Is the party over Clubs as corona hotspots

Lisa Vogel studied departmental journalism with a focus on medicine and biosciences at Ansbach University and deepened her journalistic knowledge in the master's degree in multimedia information and communication. This was followed by a traineeship in the editorial team. Since September 2020 she has been writing as a freelance journalist for

More posts by Lisa Vogel All content is checked by medical journalists.

Clubs, discos, bars - they are facing the abyss in the Corona crisis. The prospects of opening up soon are slim. And a case in South Korea shows that guests are easy prey for the virus.

While there is easing in many places, clubs, discos and bars continue to look into a bleak future. Your problem: the virus has an especially easy life here.

Take Berlin as an example: of the first 263 confirmed cases, 42 were due to club visits. Pamela Schobeß from the board of directors of the Club Commission - the Association of Berlin Club Organizers - predicted at the beginning of the Corona crisis: "We were the first to close and will probably be the last to open again."

Narrow, sweaty, bad air: ideal conditions for the virus

An opinion that the virologist Jonas Schmidt-Chanasit from the Bernhard Nocht Institute for Tropical Medicine (BNITM) shares. In clubs, bars and discos in particular, the coronavirus is finding perfect conditions for it to spread quickly, he says. It's tight, you sweat, yells at each other's ears from a small distance: "This is exactly this scenario in which there have already been massive infections in other countries. These are the virus hotspots - especially for the coronavirus."

In addition, the usually poor ventilation of the rooms makes it even easier for the virus. "You cannot provide ventilation there, you may only have systems that circulate it or blow it a bit. But actually these are small, narrow spaces."

That is the best condition that he could imagine for a pathogen that can be transmitted respiratory - that is, through breathing. "So the worst condition for humans. Overall, the situation is simply ideal to be able to get infected there."

Almost 200 cases of infection after visiting the club

In early May, people in South Korea had to find out how ideal the dance floor is for the virus. In the capital, Seoul, a 29-year-old person infected with corona had moved through several well-attended clubs and bars in the Itaewon nightlife district. A cluster infection developed: Almost 200 cases of infection were linked to the outbreak, and more than 65,000 people had to be tested. In South Korea - where the situation had actually eased - the fear of the virus was back.

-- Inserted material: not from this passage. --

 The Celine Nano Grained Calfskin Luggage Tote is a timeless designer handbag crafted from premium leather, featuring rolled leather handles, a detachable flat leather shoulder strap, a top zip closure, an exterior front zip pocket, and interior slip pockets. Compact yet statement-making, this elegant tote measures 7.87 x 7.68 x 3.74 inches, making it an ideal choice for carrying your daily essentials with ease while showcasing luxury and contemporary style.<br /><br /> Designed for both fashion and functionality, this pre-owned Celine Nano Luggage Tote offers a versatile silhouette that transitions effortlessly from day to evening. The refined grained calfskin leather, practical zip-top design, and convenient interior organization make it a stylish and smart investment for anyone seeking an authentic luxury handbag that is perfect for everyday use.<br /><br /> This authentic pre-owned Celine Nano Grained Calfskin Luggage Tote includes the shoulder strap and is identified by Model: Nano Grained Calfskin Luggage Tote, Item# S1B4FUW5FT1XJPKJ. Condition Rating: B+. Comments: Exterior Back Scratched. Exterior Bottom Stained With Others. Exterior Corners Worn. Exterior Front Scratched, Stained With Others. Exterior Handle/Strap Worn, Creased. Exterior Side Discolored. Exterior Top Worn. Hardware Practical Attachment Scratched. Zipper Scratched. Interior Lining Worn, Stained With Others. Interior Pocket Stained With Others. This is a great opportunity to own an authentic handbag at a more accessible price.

The authorities assumed that there were several "index cases in this Itaewon cluster," says Kim Dong Hyun of the Korean Society for Epidemiology. "And the 29-year-old is definitely one of them." Index patients are usually used to describe people from whom an outbreak begins. "That means there are certainly still undiscovered, silent cases."

Dancing for many months

Little chance at a distance, difficult ventilation conditions and the constant fear of the next big outbreak: is the party in the clubs now finally over? The most sensible thing would be to let only five guests in a club for otherwise 100 visitors, says virologist Schmidt-Chanasit. "But nobody wants that and that doesn't make any sense either." He assumes that dancing, as it was before the corona pandemic, will only be possible again in many months. "Not until we have a vaccine or the pandemic is over and immunity in the population has risen."

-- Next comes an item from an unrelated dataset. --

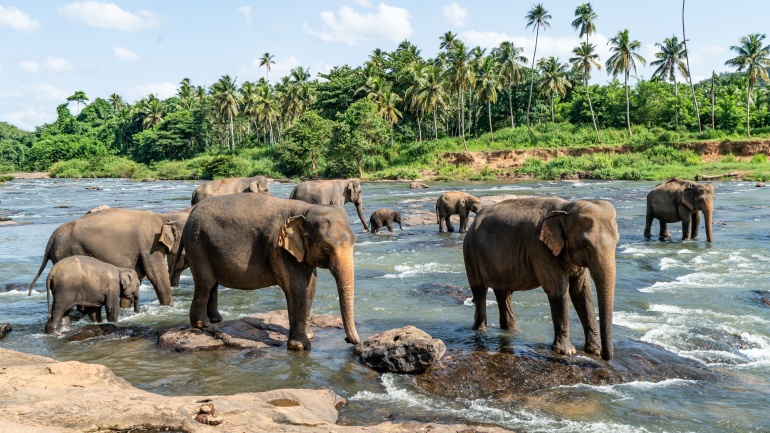 스리랑카는 코끼리를 가까이에서 만날 수 있는 최적의 장소로 손꼽힙니다. 그중 피나왈라 코끼리 고아원은 케갈레(Kegalle) 마을에 자리 잡고 있습니다. 1975년, 스리랑카 야생 동물 관리국은 스리랑카 정글에서 발견된 고아 코끼리들을 보호하고 돌보기 위해 마하 오야 강 근처의 25에이커 규모의 코코넛 농장에서 이 고아원을 설립하였습니다. 현재 이곳에서는 총 93마리의 코끼리가 보호받고 있으며, 이는 세계에서 가장 큰 규모의 코끼리 보호시설로, 매일 각 코끼리에게 76kg의 식사를 제공합니다. 피나왈라의 가장 큰 매력은 약 정해진 시간마다 25마리의 코끼리가 강으로 목욕하러 행진하는 모습과, 마하 오야 강에서 펼쳐지는 그들의 목욕 장면을 가까이에서 관찰할 수 있다는 점입니다.

In Berlin, meanwhile, the scene is struggling to survive. The streaming format #UnitedWeStream brings in some donations, and other alternatives are being worked on. The club commission wants to dance outside with a view to the approaching summer. Open spaces are to be temporarily open until midnight, the music to be turned off two hours earlier. For Pamela Schobeß, who runs the "Gretchen" club herself, the question arises, given the tight financial ceiling, "whether we will all still exist if we can open up again". (lv / dpa)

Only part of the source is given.